A robust wrapper for production must handle errors, retries, and rate limiting:

async function callClaudeWithRetry(messages, maxRetries = 3) {
  for (let attempt = 0; attempt < maxRetries; attempt++) {
    try {
      const response = await fetch('https://api.anthropic.com/v1/messages', {
        method: 'POST',
        headers: {
          'Content-Type': 'application/json',
          'x-api-key': process.env.ANTHROPIC_API_KEY,
          'anthropic-versión': '2023-06-01'
        },
        body: JSON.stringify({
          model: 'claude-sonnet-4-20250514',
          max_tokens: 1024,
          messages
        })
      });

      if (response.status === 429) {
        const retryAfter = response.headers.get('retry-after') || '30';
        const waitMs = parseInt(retryAfter) * 1000;
        console.log(`Rate limited. Esperando ${retryAfter}s...`);
        await new Promise(r => setTimeout(r, waitMs));
        continue;
      }

      if (response.status === 529) {
        const waitMs = Math.pow(2, attempt) * 1000;
        console.log(`API sobrecargada.
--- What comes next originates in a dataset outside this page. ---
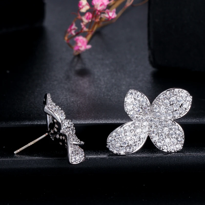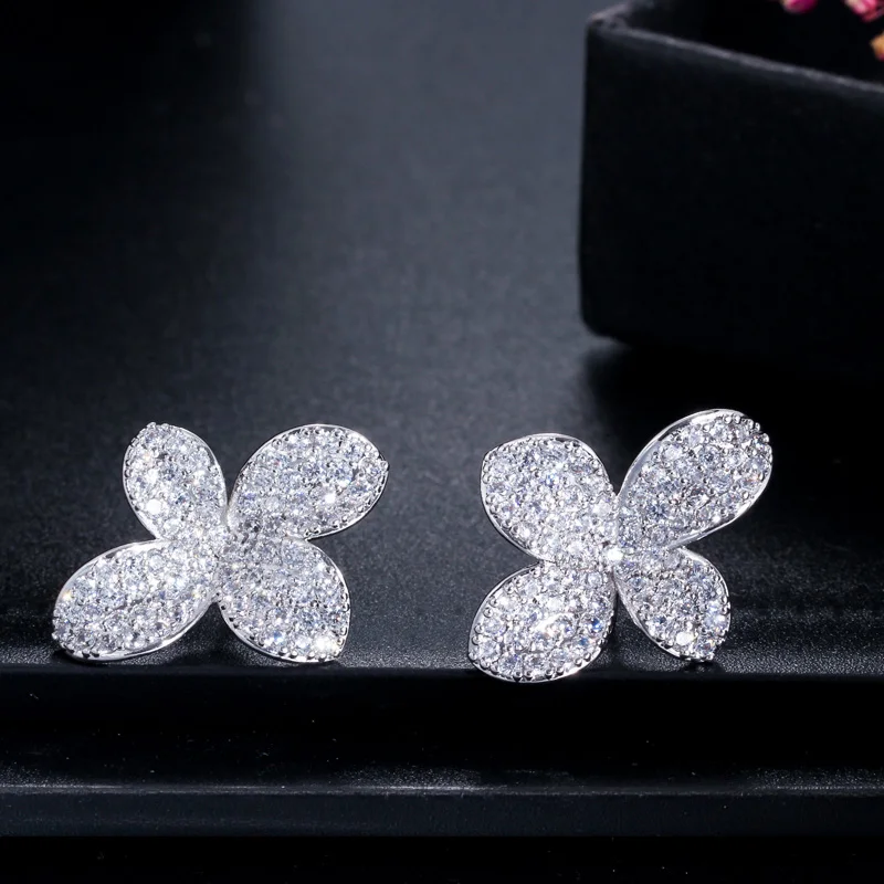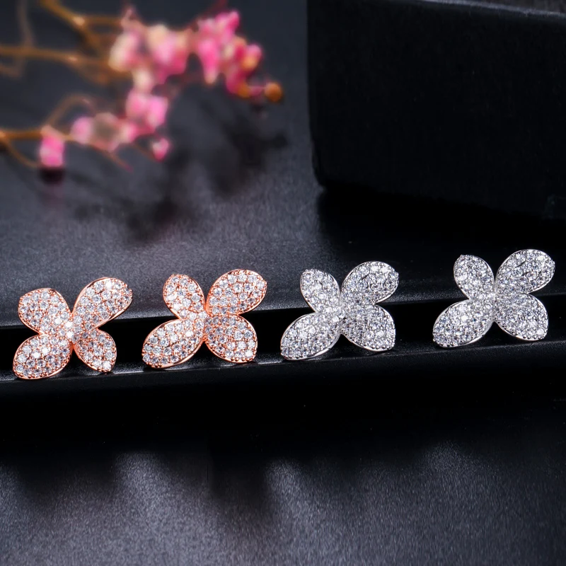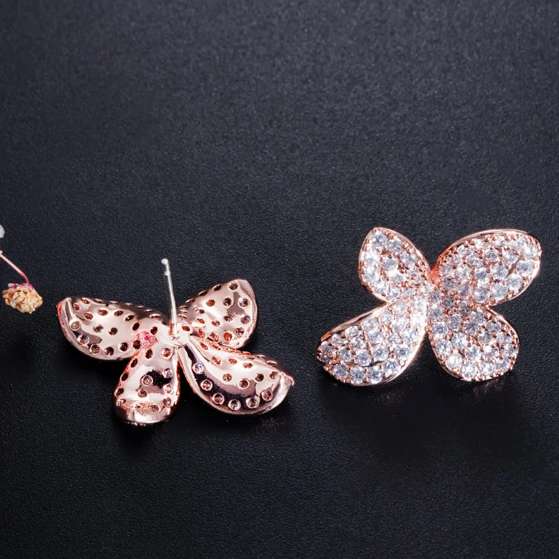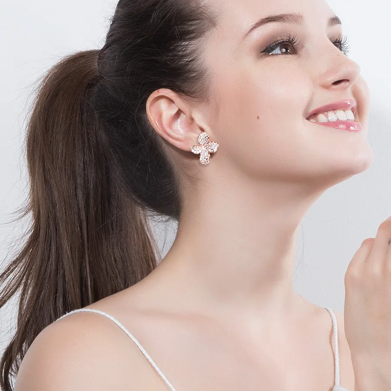Graceful Design Rose Gold Plated Cubic Zircon Flower Stud Earrings for Women Party Daily Wear Appointment Gift

Reintento en ${waitMs}ms...`);
        await new Promise(r => setTimeout(r, waitMs));
        continue;
      }

      if (!response.ok) {
        const error = await response.json();
        throw new Error(`API Error ${response.status}: ${error.error.message}`);
      }

      return await response.json();
    } catch (error) {
      if (attempt === maxRetries - 1) throw error;
      const waitMs = Math.pow(2, attempt) * 1000;
      await new Promise(r => setTimeout(r, waitMs));
    }
  }
}

Security and best practices

Protect your API key

  • Store it in environment variables, never in code
  • Use a backend as a proxy between your frontend and the API
  • Rotate keys periodically

Control costs

function estimateCost(inputTokens, outputTokens, model) {
  const pricing = {
    'claude-sonnet-4-20250514': { input: 3, output: 15 },
    'claude-haiku-3-5-20241022': { input: 0.25, output: 1.25 }
  };

  const rates = pricing[model];
  const inputCost = (inputTokens / 1_000_000) * rates.input;
  const outputCost = (outputTokens / 1_000_000) * rates.output;

  return { inputCost, outputCost, total: inputCost + outputCost };
}

Validate user input

Always sanitize and validate input before sending it to the API. Limit the maximum length and filter unwanted content.

Conclusion

Integrating the Claude API with native fetch() is straightforward and requires no additional dependencies. The key concepts are: basic calls, streaming for better UX, tool use to extend capabilities, and robust error handling for production.

Start with simple calls, add streaming when you improve the UX, and explore tool use when you need to connect Claude with your systems.